## Directions for this task
Skip the pictures, please, and write out exactly the lines from the opening of the data through the line containing "人民網南昌2月18日電(記者".

[Items from a dataset]
============================================================
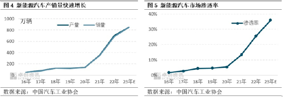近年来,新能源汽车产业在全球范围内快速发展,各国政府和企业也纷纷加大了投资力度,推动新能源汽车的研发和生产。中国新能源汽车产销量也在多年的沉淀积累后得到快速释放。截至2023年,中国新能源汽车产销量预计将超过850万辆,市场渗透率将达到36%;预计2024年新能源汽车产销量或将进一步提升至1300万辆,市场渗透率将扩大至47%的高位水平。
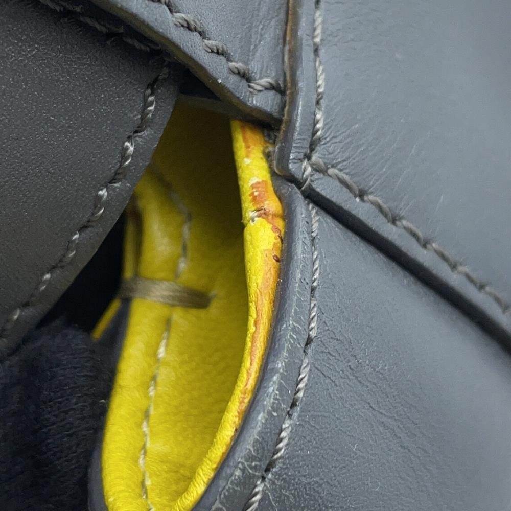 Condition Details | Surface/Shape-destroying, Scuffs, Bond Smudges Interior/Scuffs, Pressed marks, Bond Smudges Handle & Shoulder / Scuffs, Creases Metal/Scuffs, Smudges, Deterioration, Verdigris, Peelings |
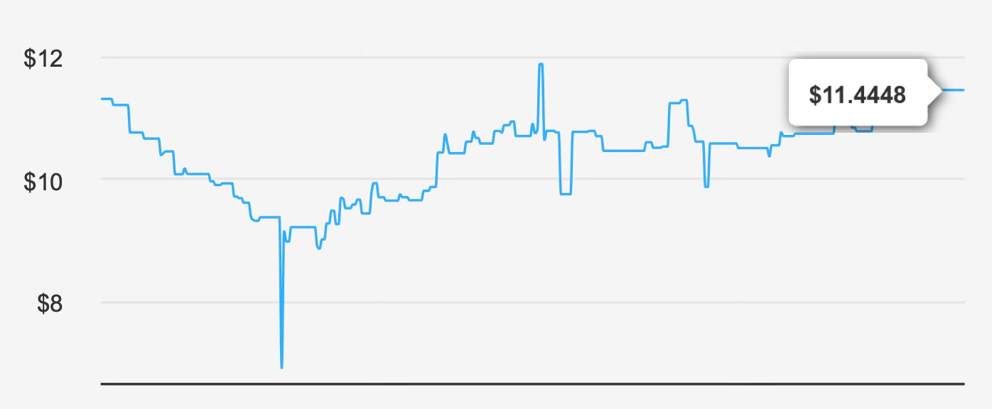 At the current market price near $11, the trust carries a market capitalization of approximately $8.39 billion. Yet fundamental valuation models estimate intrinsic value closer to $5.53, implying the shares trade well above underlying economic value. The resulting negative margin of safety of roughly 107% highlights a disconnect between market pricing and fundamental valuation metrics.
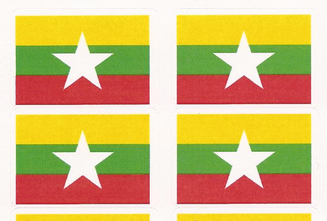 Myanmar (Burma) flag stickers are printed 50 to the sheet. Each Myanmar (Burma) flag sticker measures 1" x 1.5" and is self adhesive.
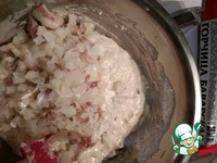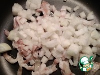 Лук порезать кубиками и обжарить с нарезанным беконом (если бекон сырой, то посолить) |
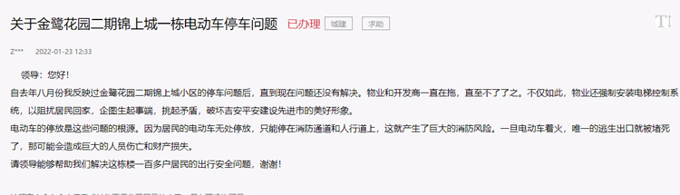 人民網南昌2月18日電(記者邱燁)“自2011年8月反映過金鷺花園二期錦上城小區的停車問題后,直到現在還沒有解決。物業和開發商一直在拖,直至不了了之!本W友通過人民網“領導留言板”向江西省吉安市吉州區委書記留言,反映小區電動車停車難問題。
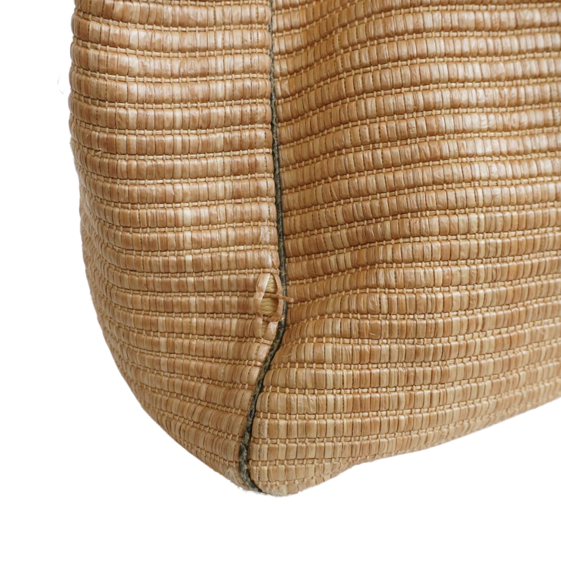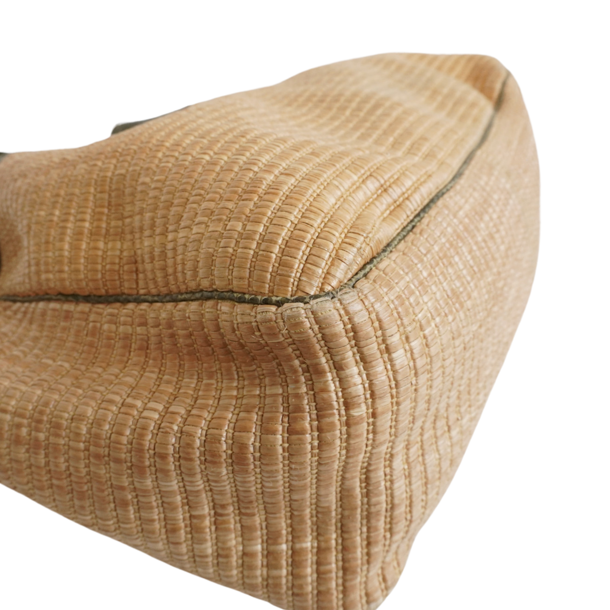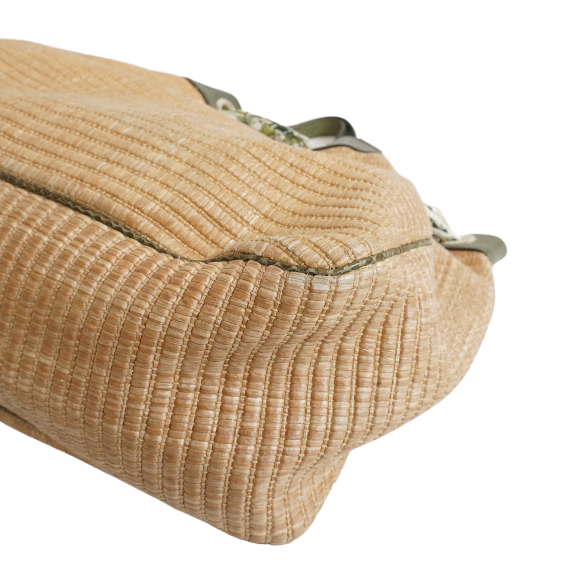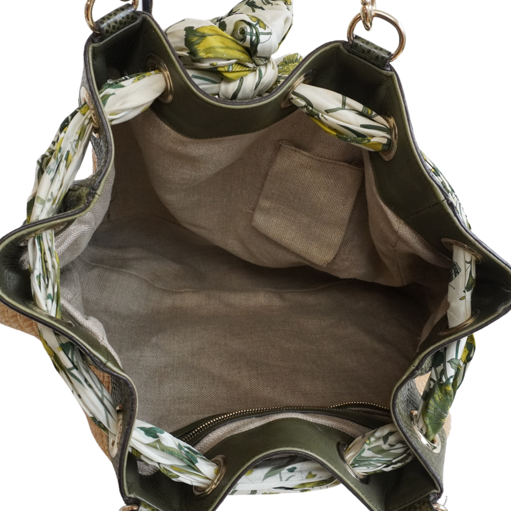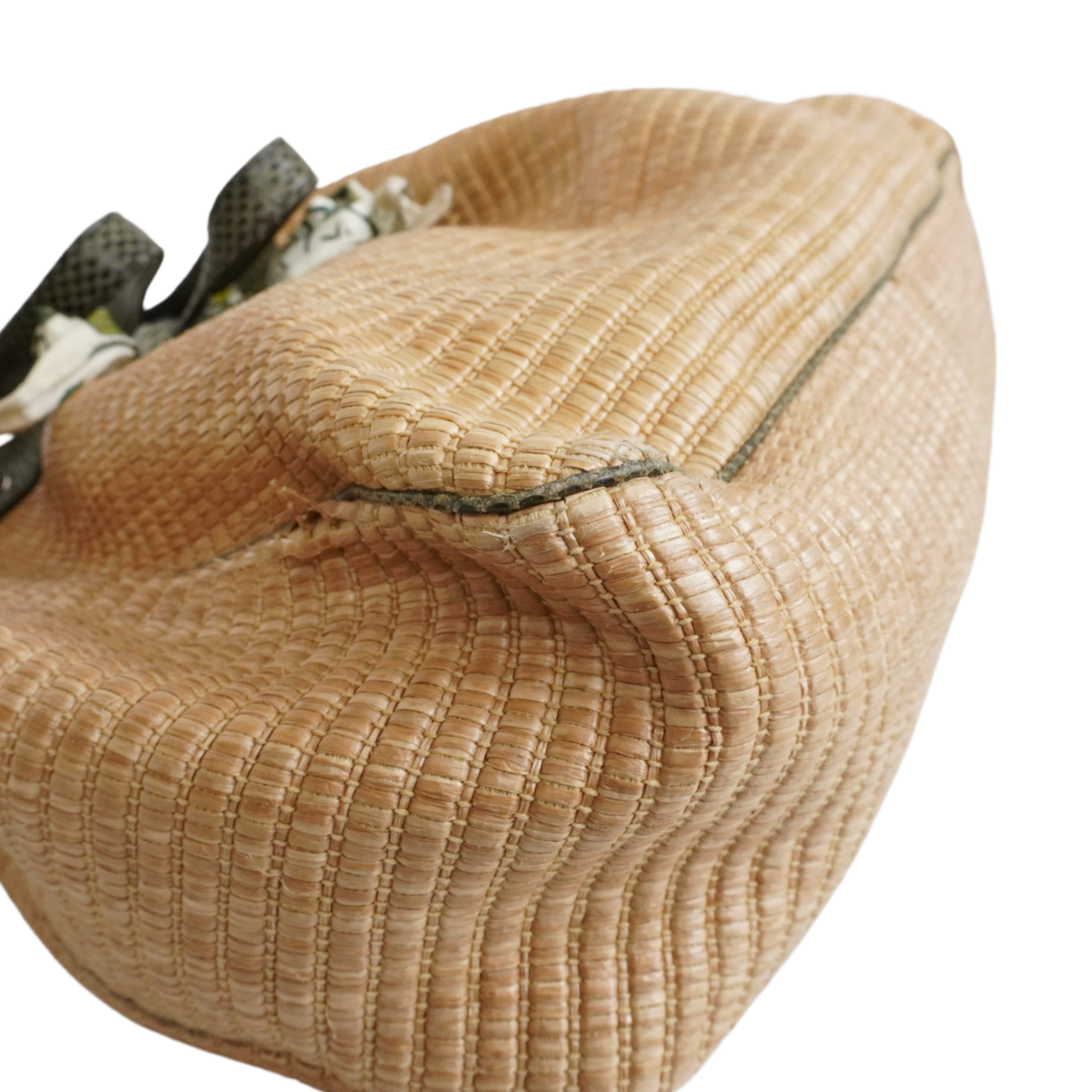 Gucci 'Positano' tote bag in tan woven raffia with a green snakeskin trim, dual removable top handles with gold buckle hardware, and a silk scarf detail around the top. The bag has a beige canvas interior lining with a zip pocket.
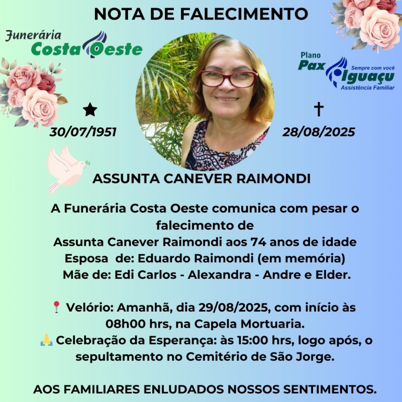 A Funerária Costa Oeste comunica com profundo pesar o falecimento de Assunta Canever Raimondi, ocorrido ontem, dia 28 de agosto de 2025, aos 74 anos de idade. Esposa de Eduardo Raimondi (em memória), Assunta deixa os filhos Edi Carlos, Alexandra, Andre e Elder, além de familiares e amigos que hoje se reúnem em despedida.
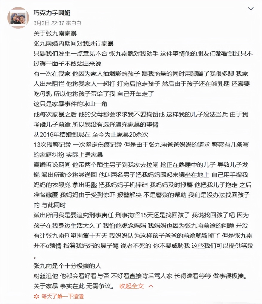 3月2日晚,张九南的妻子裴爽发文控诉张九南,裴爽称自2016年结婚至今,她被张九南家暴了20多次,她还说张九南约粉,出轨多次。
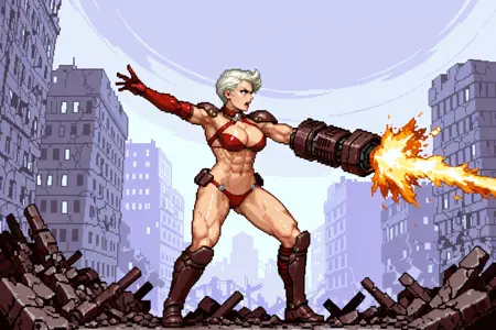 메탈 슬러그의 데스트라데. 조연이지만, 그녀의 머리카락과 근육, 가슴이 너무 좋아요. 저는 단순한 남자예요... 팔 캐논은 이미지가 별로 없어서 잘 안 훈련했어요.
============================================================
## Solution to the problem
近年来,新能源汽车产业在全球范围内快速发展,各国政府和企业也纷纷加大了投资力度,推动新能源汽车的研发和生产。中国新能源汽车产销量也在多年的沉淀积累后得到快速释放。截至2023年,中国新能源汽车产销量预计将超过850万辆,市场渗透率将达到36%;预计2024年新能源汽车产销量或将进一步提升至1300万辆,市场渗透率将扩大至47%的高位水平。
 Condition Details | Surface/Shape-destroying, Scuffs, Bond Smudges Interior/Scuffs, Pressed marks, Bond Smudges Handle & Shoulder / Scuffs, Creases Metal/Scuffs, Smudges, Deterioration, Verdigris, Peelings |
 At the current market price near $11, the trust carries a market capitalization of approximately $8.39 billion. Yet fundamental valuation models estimate intrinsic value closer to $5.53, implying the shares trade well above underlying economic value. The resulting negative margin of safety of roughly 107% highlights a disconnect between market pricing and fundamental valuation metrics.
 Myanmar (Burma) flag stickers are printed 50 to the sheet. Each Myanmar (Burma) flag sticker measures 1" x 1.5" and is self adhesive.
 Лук порезать кубиками и обжарить с нарезанным беконом (если бекон сырой, то посолить) |
 人民網南昌2月18日電(記者邱燁)“自2011年8月反映過金鷺花園二期錦上城小區的停車問題后,直到現在還沒有解決。物業和開發商一直在拖,直至不了了之!本W友通過人民網“領導留言板”向江西省吉安市吉州區委書記留言,反映小區電動車停車難問題。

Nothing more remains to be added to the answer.